The OECD’s definition of AI defines a wide range of reasoning systems as AI. It seems to me that this applies to a wider range of systems than those generally referred to as LLMs or Diffusion Models, and that many of the simpler systems are simply programs. In other words, there is a concern that there will be overlap with the areas addressed by OSD, but the article is vague on the relationship between OSIs OSD and this OSAID.
I think this is a big question that deserves to be discussed widely here. What do you think?
I believe the OECD definition is both too broad and too vague and is the biggest flaw of the current draft. One reason why it is problematic is well captured in the comment from Shuji Sado. The only reason for a special definition of “open source AI” is if the things being called open source AI have characteristics that differ from other software; otherwise, the OSI should simply undertake a general revision of the OSD if they think it is no longer suitable. The OECD definition could easily cover the kinds of conventional software systems that we have assumed can be measured solely against the OSD (or, equivalently, the Free Software Definition) to determine whether they are FOSS.
As far as I can tell, the only technical characteristic we see in the space now commonly being described as “AI” that makes it different from the conventional software for which the OSD has been seen as suitable is the inclusion of model weights as the core element of such systems (if “system” is even an appropriate word here). This is a critically different feature and may indeed justify a new or specialized “open source” definition (although I’m actually undecided on that) . But so-called “AI systems” in general, using the OECD definition, might not be based on the machine learning paradigm at all. Why is a new definition needed for such systems?

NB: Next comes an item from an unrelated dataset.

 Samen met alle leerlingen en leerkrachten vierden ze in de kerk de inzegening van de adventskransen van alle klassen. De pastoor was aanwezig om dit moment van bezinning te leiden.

For example, consider two public projects that aim to implement a spam classification system. One uses machine learning, one does not. The first includes model weights along with some reference implementation source code and documentation. The second includes source code and documentation under, let’s say, entirely OSD-conformant licenses. If the two systems do roughly the same thing, why would one be an “AI system” and not the other? If both are “AI systems”, is the second potentially no longer open source once the OSI adopts this definition? Or is it “open source software that does AI stuff” but not “open source AI”?

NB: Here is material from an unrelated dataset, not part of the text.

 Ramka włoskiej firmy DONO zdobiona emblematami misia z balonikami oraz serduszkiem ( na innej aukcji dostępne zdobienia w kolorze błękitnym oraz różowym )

I honestly do not understand why the fact that the OECD definition is being reused a lot at present by regulators means it should be embedded in a definition of the OSI. For one thing, I don’t see regulators as the primary audience or target of this effort. For another thing, the fact that a flawed definition is in use by regulators (think of how regulators have approached defining “open source” itself) should not mean that the OSI shouldn’t strive for something better, and in particular something better grounded in technical reality and the current situation that I believe is giving rise to this effort, which is entirely specific to machine learning.
Interesting to note that the EU IA Act modify a bit its definition of AI system:
“‘AI system‘ is a machine-based system designed to operate with varying levels of autonomy and that may exhibit adaptiveness after deployment and that, for explicit or implicit objectives, infers, from the input it receives, how to generate outputs such as predictions, content, recommendations, or decisions that can influence physical or virtual environments”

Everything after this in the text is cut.